» **RECORDS FOR PROCESSING**
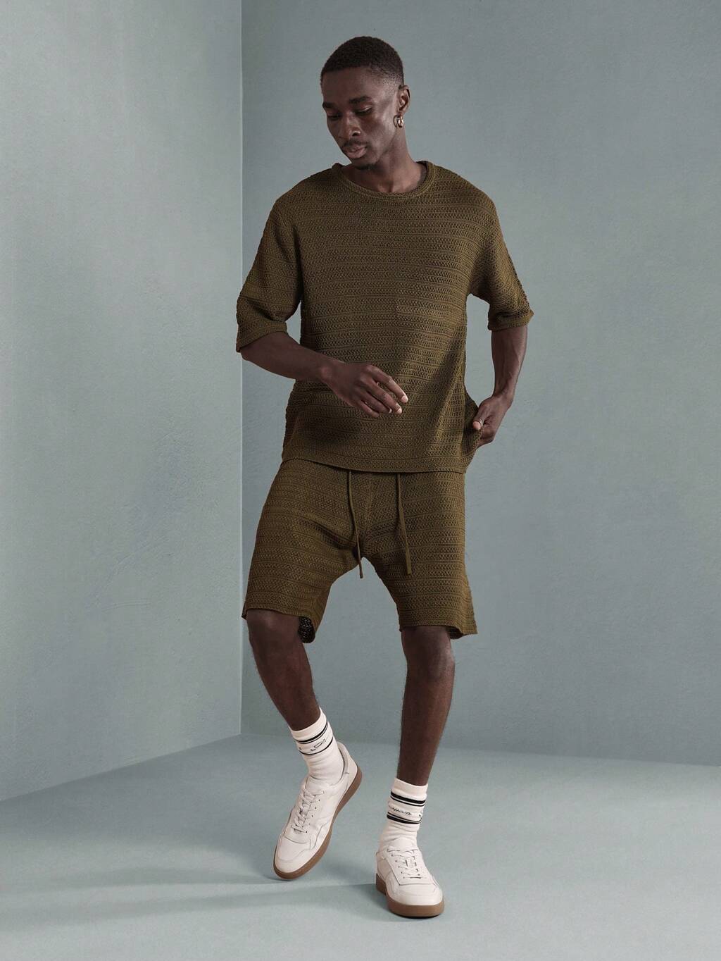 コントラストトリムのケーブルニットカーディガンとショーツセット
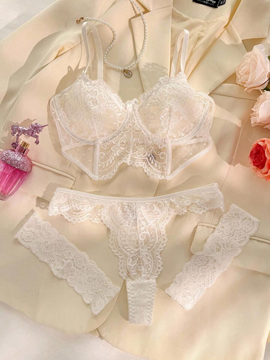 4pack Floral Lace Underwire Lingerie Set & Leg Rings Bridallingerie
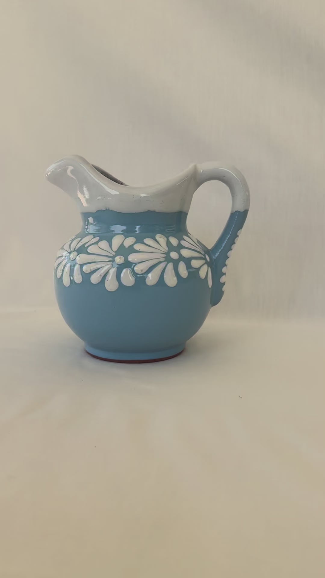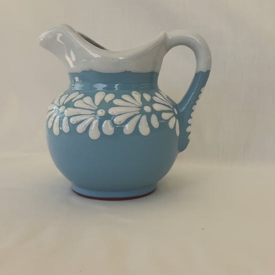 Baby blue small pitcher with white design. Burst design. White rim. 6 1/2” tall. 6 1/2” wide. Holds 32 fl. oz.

--

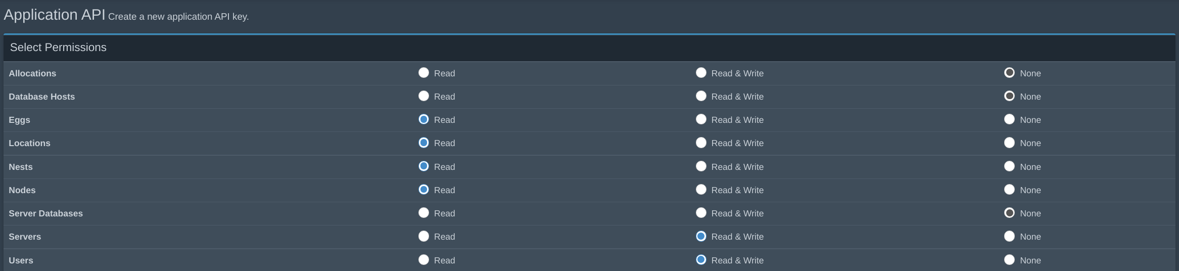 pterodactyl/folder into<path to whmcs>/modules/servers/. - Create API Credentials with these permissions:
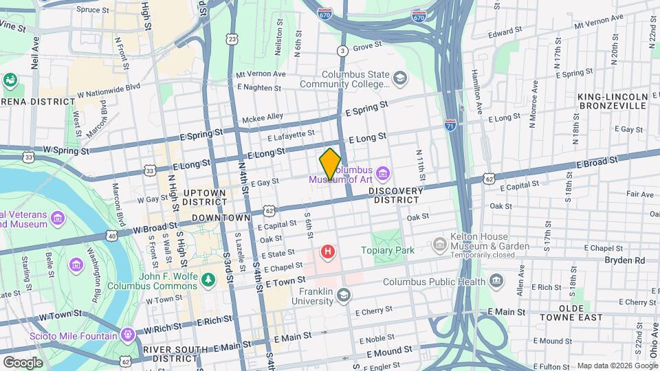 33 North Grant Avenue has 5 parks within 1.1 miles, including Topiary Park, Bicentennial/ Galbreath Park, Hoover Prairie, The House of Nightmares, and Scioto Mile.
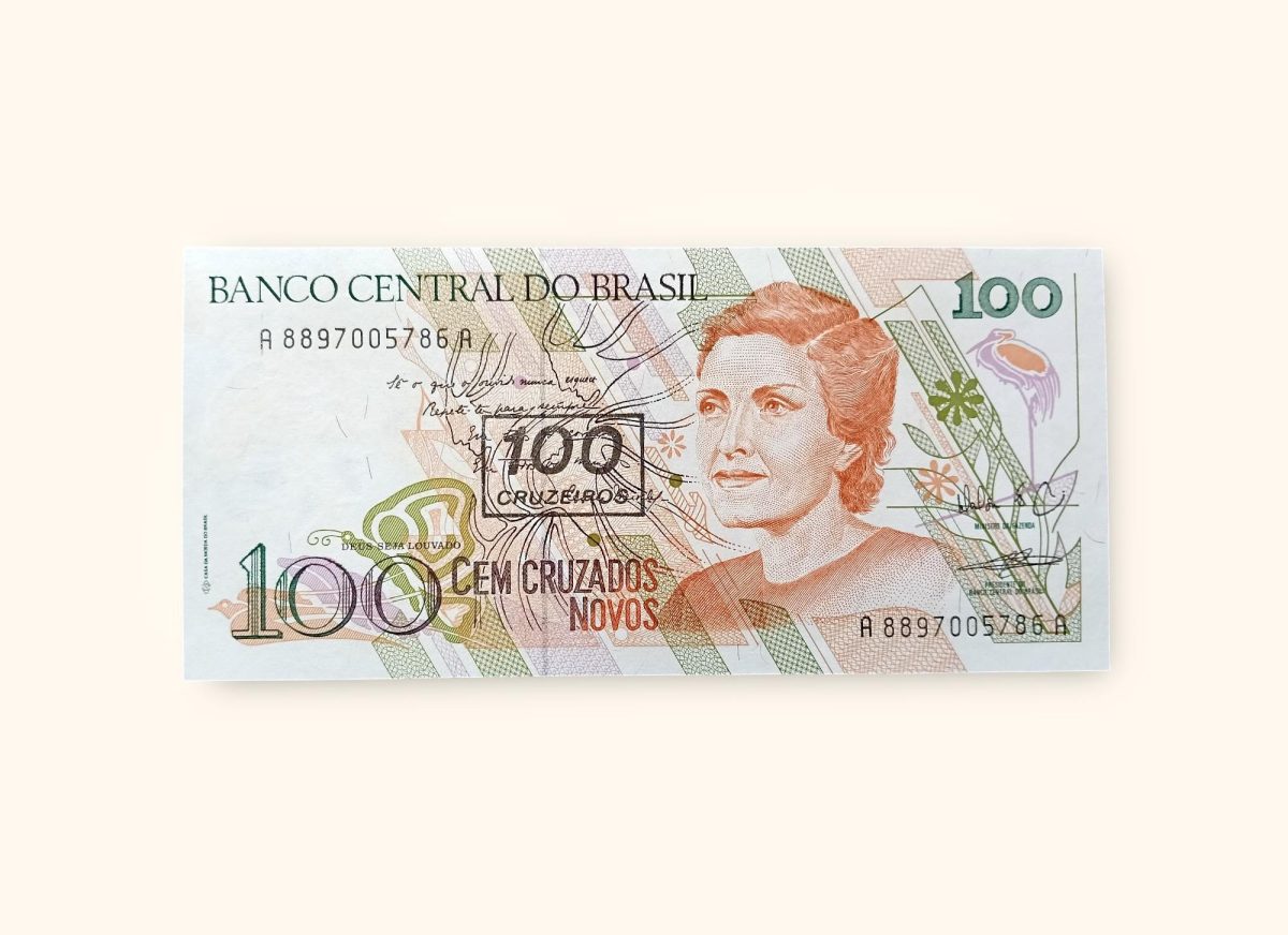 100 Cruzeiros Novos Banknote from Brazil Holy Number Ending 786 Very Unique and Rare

--

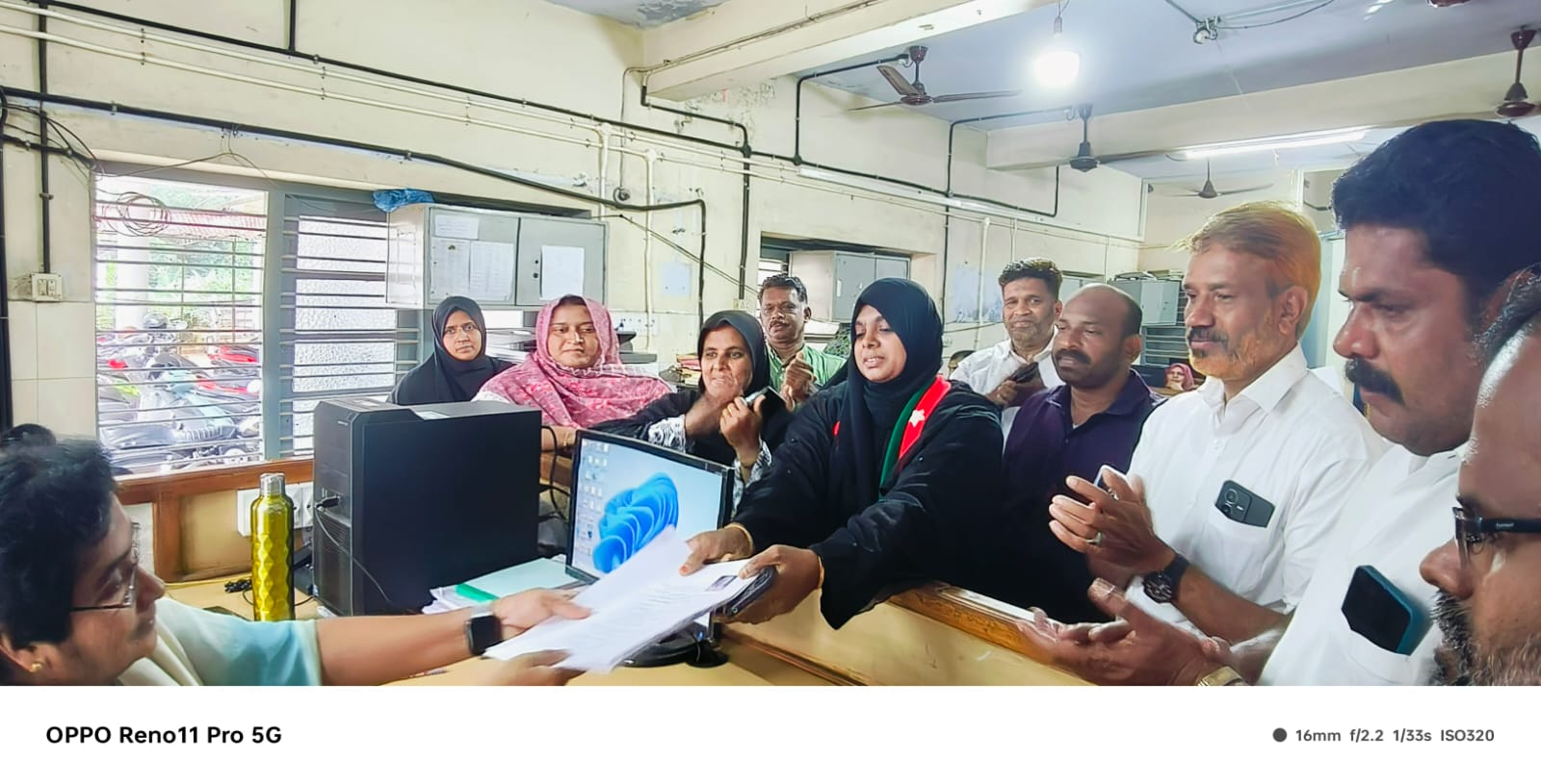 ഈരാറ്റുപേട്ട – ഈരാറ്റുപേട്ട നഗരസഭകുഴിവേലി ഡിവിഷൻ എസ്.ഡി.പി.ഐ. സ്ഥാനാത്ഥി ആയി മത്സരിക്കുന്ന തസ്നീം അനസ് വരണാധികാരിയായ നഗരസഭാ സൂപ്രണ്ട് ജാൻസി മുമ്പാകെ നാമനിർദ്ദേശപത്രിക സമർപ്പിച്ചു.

» **PROBLEM**
Everything from the line above that contains "pterodactyl/folder into<path to" down to the line that contains "100 Cruzeiros Novos" must be reproduced exactly, both ends included. Omit the pictures.

» **RESULT BELOW**
 pterodactyl/folder into<path to whmcs>/modules/servers/. - Create API Credentials with these permissions:
 33 North Grant Avenue has 5 parks within 1.1 miles, including Topiary Park, Bicentennial/ Galbreath Park, Hoover Prairie, The House of Nightmares, and Scioto Mile.
 100 Cruzeiros Novos Banknote from Brazil Holy Number Ending 786 Very Unique and Rare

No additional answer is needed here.